- The problem -
Every picture should be left out, but the lines below must be repeated exactly.

- Recorded information -
__________________________________________________

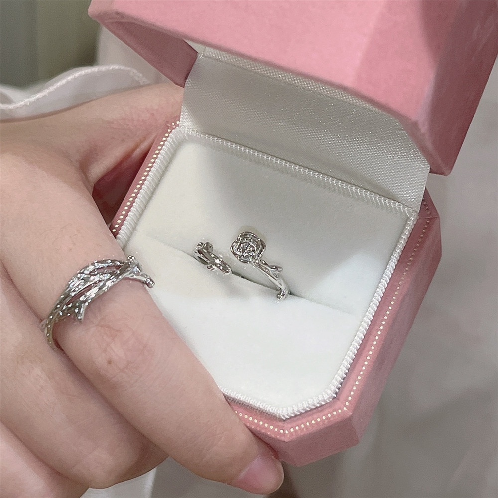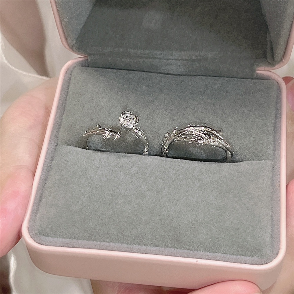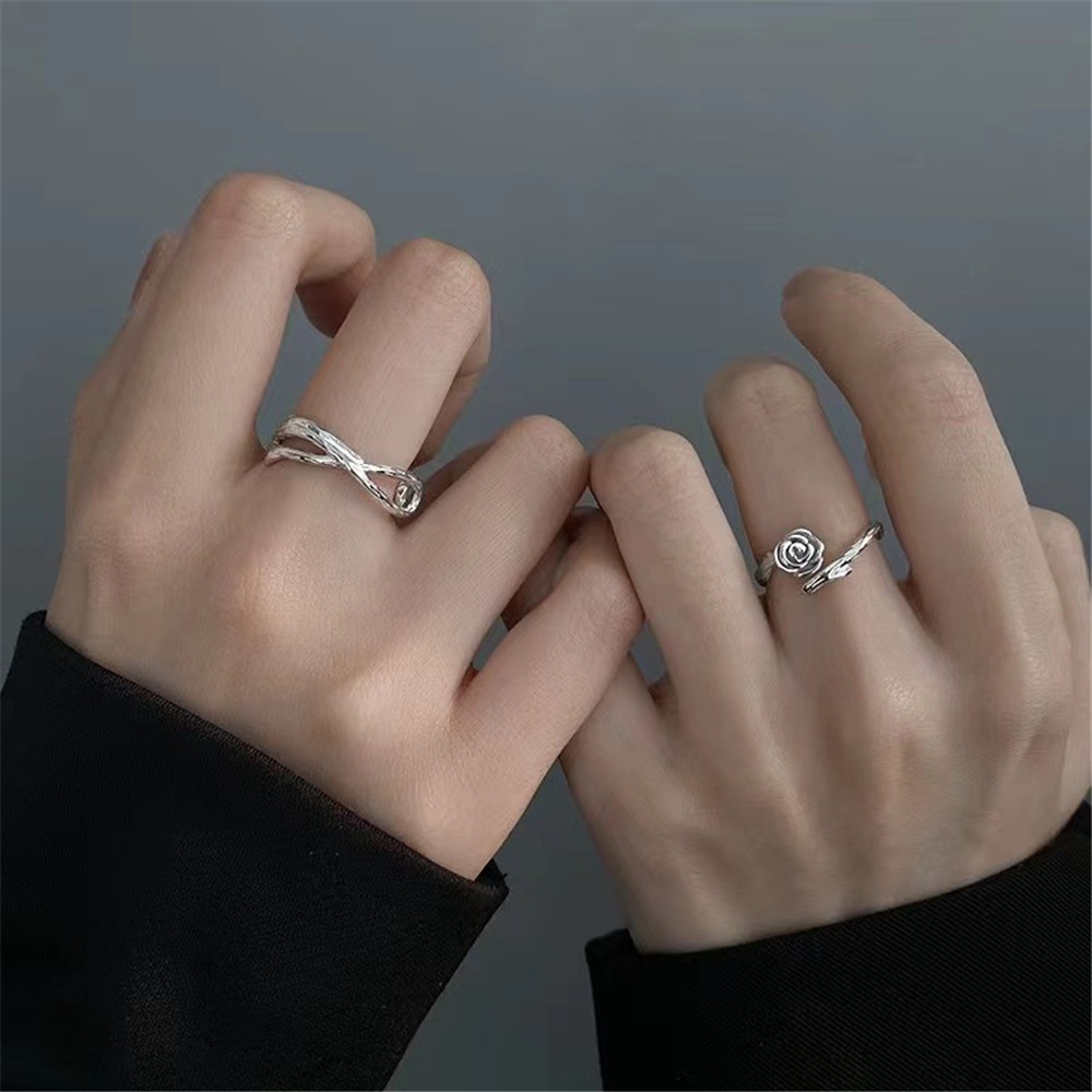 Detail Couple Adjustable Bunga Mawar Pecinta Pembukaan Adjustable Ring Aksesoris Cincin Rose
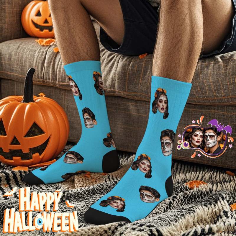 Halloween Gifts Custom Face Socks 3D Preview Add Pictures And Name Colorful
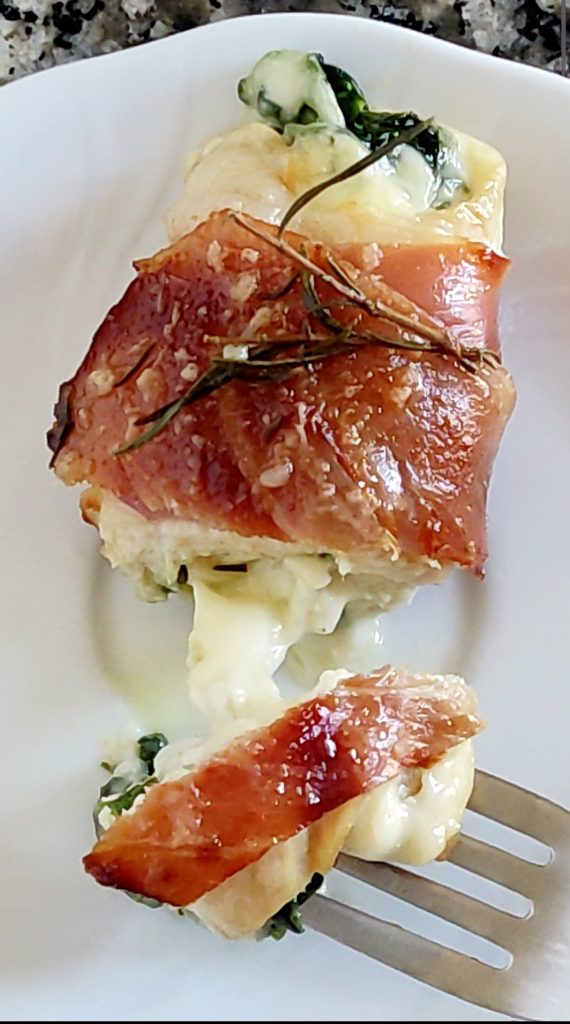 Roulés de poulet aux épinards et speck un plat principal savoureux et délicieux. La recette que je veux vous raconter aujourd’hui est celle d’un plat principal savoureux et délicieux avec des tranches de poitrine de poulet enveloppées dans du speck, farcies d’épinards et de fromage et cuites au four. Un plat principal parfait qui a conquis ma petite famille et une manière différente et spéciale de cuisiner de simples tranches de poitrine de poulet de façon délicieuse. Savoureux roulés de poulet cuits au four ou en friteuse à air parfaits pour séduire famille et amis, et vous pouvez facilement les préparer à l’avance et les conserver dans un récipient au réfrigérateur sans les cuire ou même les congeler pour les avoir déjà prêts à cuire. J’ai ajouté des tranches de speck plus savoureuses qui, je pense, se marient bien avec la douceur du poulet, mais si vous n’aimez pas le goût légèrement fumé, vous pouvez le remplacer par du jambon cuit. Et ne manquez pas non plus la recette de ma maman pour préparer un irrésistible Poulet à la cacciatora. Allons donc en cuisine et préparons ensemble les roulés de poulet au speck
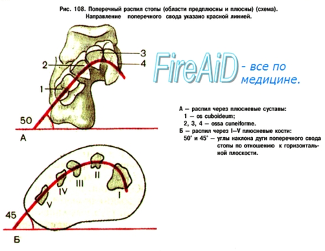 Поперечный свод стопы хорошо выражен в области головок плюсневых костей. В норме стопа опирается в переднем отделе только на головки крайних (I и V) плюсневых костей, головки II, III и IV плюсневых костей образуют выпуклый свод.

__________________________________________________

- Answer to the exercise -
 Detail Couple Adjustable Bunga Mawar Pecinta Pembukaan Adjustable Ring Aksesoris Cincin Rose
 Halloween Gifts Custom Face Socks 3D Preview Add Pictures And Name Colorful
 Roulés de poulet aux épinards et speck un plat principal savoureux et délicieux. La recette que je veux vous raconter aujourd’hui est celle d’un plat principal savoureux et délicieux avec des tranches de poitrine de poulet enveloppées dans du speck, farcies d’épinards et de fromage et cuites au four. Un plat principal parfait qui a conquis ma petite famille et une manière différente et spéciale de cuisiner de simples tranches de poitrine de poulet de façon délicieuse. Savoureux roulés de poulet cuits au four ou en friteuse à air parfaits pour séduire famille et amis, et vous pouvez facilement les préparer à l’avance et les conserver dans un récipient au réfrigérateur sans les cuire ou même les congeler pour les avoir déjà prêts à cuire. J’ai ajouté des tranches de speck plus savoureuses qui, je pense, se marient bien avec la douceur du poulet, mais si vous n’aimez pas le goût légèrement fumé, vous pouvez le remplacer par du jambon cuit. Et ne manquez pas non plus la recette de ma maman pour préparer un irrésistible Poulet à la cacciatora. Allons donc en cuisine et préparons ensemble les roulés de poulet au speck
 Поперечный свод стопы хорошо выражен в области головок плюсневых костей. В норме стопа опирается в переднем отделе только на головки крайних (I и V) плюсневых костей, головки II, III и IV плюсневых костей образуют выпуклый свод.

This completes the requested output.